I don't remember what the trigger was but suddenly my throat was tight, my breath was racing and tears were pouring down my face. I went to our bedroom where Daniel was, sat on the foot of the bed and for the first time completely understood the expression of wanting to "jump out of my skin". I wanted to scream, run, anything. I was in full fight or flight mode.
I sobbed/panted/half-screamed to Daniel, "I feel like I need to run into the other room and save my baby! I feel like I need to run to him, to save him! I know he's gone but it's like my brain and body are screaming that I need to save my baby!!!" I couldn't understand what was happening which made it all the more frightening. What was happening?! It didn't make any sense! Why was I having such a horrible panic attack and feeling that I needed to save the life of a child who I knew was already gone?
The panic attacks became more frequent and each one was exhausting. I was having 3-4 a day. I was crippled. I needed Daniel with me as my anchor to keep me feeling safe and able to handle everyday things. If it weren't for the flexibility of Daniel's job and his ability to occasionally work from home I honestly don't know that I would've survived.
I didn't understand what was wrong with me and why I was going the wrong way in my healing. Like I said, I was doing EVERYTHING I knew I needed to heal and regain my hope and despite my efforts I continued to move no direction but down. I felt so STUPID! I didn't know what was wrong with me. I feared I had been irrevocably broken by all the trauma of the past few years that had been capped of in such a horrifying way.
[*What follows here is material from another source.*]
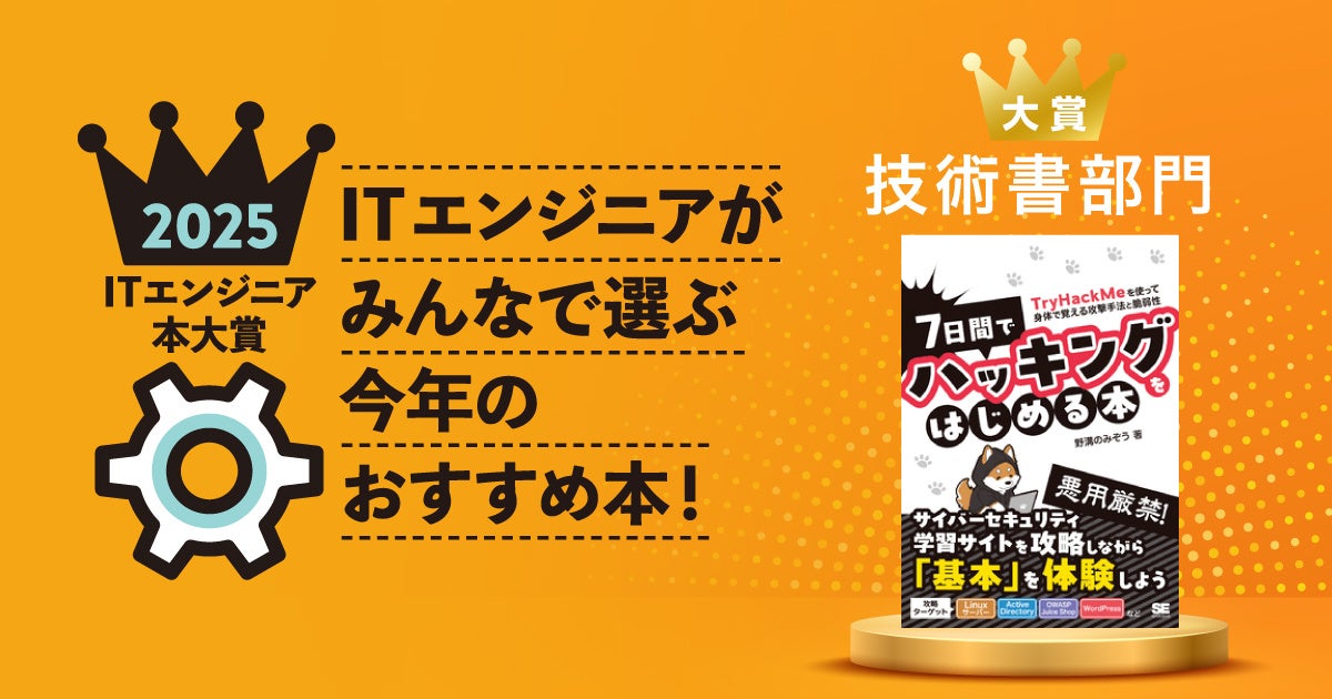 株式会社翔泳社(本社:東京都新宿区舟町5、社長:佐々木幹夫)が出版する『7日間でハッキングをはじめる本 TryHackMeを使って身体で覚える攻撃手法と脆弱性』が、「ITエンジニア本大賞2025」技術書部門大賞と特別賞に選ばれました。
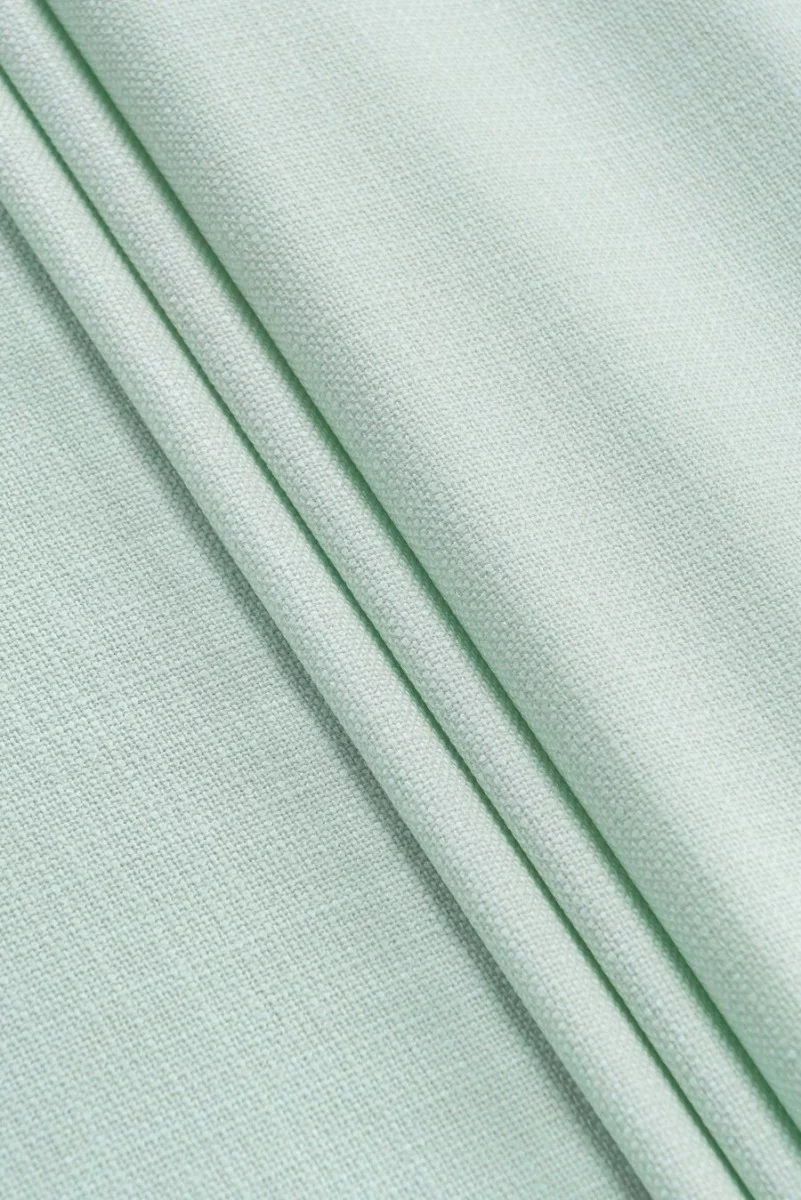 Itāļu vilna ar brīvāku, linu austu pasteļpistāciju krāsā. Mēs iesakām to kleitu vai platāku svārku šūšanai. Jūs varat izvēlēties vilnas oderi oderējuma sadaļā vai ziņot par savu vēlmi iegādāties pirkuma piezīmēs.

I asked Daniel to make another appointment with our therapist. I needed help, I needed direction, I needed to know what to do because living like this wasn't sustainable. When we met with him I explained everything and the possibility of PTSD was mentioned. "You're about in the time period that PTSD would make sense." PTSD usually starts showing about 6 months after the severe trauma - we were 6 months out from the time Noah had been away from us. I had never heard of PTSD except in those who had been to war. We went home, looked into PTSD and every single part of it lined up. I finally felt I had an explanation for what was happening to me.
Because of personal experiences earlier in my life I have always been VERY anti-medication. At this point I could have gone straight to medication to treat the PTSD but I was afraid. I had so many fears about the effects and damage I had watched medication cause in people in my life and I didn't want to risk putting my family through that. I was terrified of becoming something I had worked so hard to stay away from.
There are some parts of this time period that I don't like talking about out loud. Parts I've only recently even been able to admit and say to myself. Some parts I don't think I'll ever talk about except at those quiet, tender times with the right people. Suffice it to say I finally hit what was my "rock bottom". I knew I couldn't drag myself through one more terrified, panicked, horrified, exhausted day. I needed help, medical help, psychiatric help and I needed it NOW.